Robert DeNiro as Travis BickleRobert DeNiro as Travis Bickle      

I continue here my discussion of three works that just happened to come together during one evening last week: John Updike’s novel Terrorist, Martin Scorcese’s film Taxi Driver, and George Bernard Shaw’s play Arms and the Man. My question is whether Shaw’s humanism is a sufficient answer to the undercurrent of American rage that Updike talks about in Terrorist and that Scorcese makes the subject of his 1976 film.

In the Scorcese film Travis Bickel (played by Robert DeNiro) becomes obsessed with urban blight and crime, the “scum” that he sees infesting America.  Eventually he starts shooting people. 

There were a number of vigilante movies that appeared in the 1970’s in response to all the upheavals in American society at that time.  People could thrill to Charles Bronson acting out revenge fantasies (in Death Wish) and Dirty Harry/Clint Eastwood asking, “Do you feel lucky, punk?” as he points a gun that may or may not have one remaining bullet in its chamber

Scorcese’s film is a more intelligent treatment of the rage.  Bickel is proclaimed a hero because he wipes out a prostitution ring and saves 12-year-old Jodie Foster.  Yet it is only an accident that has him killing pimps rather than a politician.  The movie would enter into John Hinckley’s thinking as he went on to in fact shoot a politician.

If Travis Bickel were driving his taxi today, I suspect he’d have his radio perpetually tuned to rightwing perpetual grievance stations.   So does Shaw present an adequate response?

In the world of Shaw’s 1894 play, characters are trapped in preconceived notions of themselves and society.   When something jolts them out of this stasis, however, they adjust, sometimes with good humor.  Shaw seems to find everyone basically decent and open to reason.  Sergius and Riana, while not wholeheartedly embracing change, recognize that their potential new partners will help them grow and so allow themselves to be pushed into marrying them.

If I seem to be mixing apples and oranges as I talk about Shaw and terrorism, allow me to explain where I’m coming from.  I was raised on Shaw’s British humanism (coming as I do from a long line of British Bateses, Jacksons, Fulchers, and Scotts) and carry this background into the 21st century.  Upon encountering political extremism of various sorts, I wonder if I am an archaism.  How naïve is it of me to think that mutual respect and reasoned discourse across political divides is possible?  Can humor keep conversation going and bridge conflict?   How far can Shaw’s vision carry us?
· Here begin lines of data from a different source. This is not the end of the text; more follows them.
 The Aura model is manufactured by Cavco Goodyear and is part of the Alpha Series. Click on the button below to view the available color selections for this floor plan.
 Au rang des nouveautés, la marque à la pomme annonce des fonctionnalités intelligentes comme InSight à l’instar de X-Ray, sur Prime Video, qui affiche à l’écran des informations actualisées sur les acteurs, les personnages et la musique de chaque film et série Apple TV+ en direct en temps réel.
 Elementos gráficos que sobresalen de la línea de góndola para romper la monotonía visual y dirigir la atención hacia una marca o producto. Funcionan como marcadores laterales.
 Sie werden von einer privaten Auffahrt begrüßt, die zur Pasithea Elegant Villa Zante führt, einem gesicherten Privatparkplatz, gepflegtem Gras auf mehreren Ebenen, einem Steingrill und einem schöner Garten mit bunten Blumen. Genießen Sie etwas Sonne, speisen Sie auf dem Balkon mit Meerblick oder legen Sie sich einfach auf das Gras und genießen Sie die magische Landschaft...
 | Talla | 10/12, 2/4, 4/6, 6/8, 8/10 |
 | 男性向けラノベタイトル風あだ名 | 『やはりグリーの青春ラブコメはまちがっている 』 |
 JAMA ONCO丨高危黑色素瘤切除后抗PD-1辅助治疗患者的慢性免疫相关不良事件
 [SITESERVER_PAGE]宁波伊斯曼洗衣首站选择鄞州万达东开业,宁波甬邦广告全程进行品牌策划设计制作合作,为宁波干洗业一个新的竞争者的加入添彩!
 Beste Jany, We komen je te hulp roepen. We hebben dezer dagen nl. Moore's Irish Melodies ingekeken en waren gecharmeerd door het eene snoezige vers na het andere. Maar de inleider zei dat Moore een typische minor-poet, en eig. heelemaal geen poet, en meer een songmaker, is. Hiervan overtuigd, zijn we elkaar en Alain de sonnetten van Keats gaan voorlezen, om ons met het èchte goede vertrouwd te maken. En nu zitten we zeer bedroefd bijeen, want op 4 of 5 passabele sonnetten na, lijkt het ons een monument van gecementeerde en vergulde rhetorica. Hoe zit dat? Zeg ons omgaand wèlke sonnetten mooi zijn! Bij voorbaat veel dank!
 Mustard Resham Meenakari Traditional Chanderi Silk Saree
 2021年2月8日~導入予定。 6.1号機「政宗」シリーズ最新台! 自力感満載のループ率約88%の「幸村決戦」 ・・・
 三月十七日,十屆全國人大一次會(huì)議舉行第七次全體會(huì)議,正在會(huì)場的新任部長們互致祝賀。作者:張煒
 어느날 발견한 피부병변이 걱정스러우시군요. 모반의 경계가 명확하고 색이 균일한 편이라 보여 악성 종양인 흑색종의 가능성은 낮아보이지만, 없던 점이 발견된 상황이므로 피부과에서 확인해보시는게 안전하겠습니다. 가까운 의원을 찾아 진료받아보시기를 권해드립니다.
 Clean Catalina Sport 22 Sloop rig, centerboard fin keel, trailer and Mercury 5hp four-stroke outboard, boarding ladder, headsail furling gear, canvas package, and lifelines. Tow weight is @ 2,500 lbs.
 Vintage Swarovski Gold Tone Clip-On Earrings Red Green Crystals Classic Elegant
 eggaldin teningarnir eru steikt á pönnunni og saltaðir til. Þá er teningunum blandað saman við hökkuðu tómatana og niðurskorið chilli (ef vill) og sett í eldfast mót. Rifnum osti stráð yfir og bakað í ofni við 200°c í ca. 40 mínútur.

As I look at the news these days, the challenges ahead seem daunting.   An extremist might not take part in the kind of dialogue that is at the basis of Shaw’s dramas, including such hard-hitting political plays as Man and Superman, Major Barbara, and Heartbreak House.  After all, entering into even contentious dialogue with another person implies a willingness to engage, however remote the possibilities of agreement. 

Maybe Updike is similarly naïve when he has his Jewish guidance counselor make headway with the suicide bomber in Terrorist.   Or maybe he has them talk because, without such human interaction, there can be no story.  Only shouting and killing.

I know that I work in a sheltered environment that operates on the premise that reasoned discourse is key.  As one who was periodically referred to as Mr. Chips by my past president, I may be rational to a fault.  So am I indeed a relic of an earlier age, the English professor equivalent of Hilton’s benign and occasionally befuddled classics teacher?  If so, it worries me.

That’s because I want to provide my students with the resources they need to survive, and flourish, in the world.  I don’t want to be setting them up for a fall.

Literature, luckily, covers the range of human experience.  There are plenty of characters acting irrationally in the stories that we rationally examine, and these stories can come to our aid in tumultuous times.  So in that way it’s okay to keep doing what I’m doing.

But I need to be humble and take Shaw with a grain of salt, admiring his humanism while also viewing it with skepticism.  I can teach my students to respect others and other points of view while warning them that they won’t always be respected in return.  And then they can go out and learn it for themselves.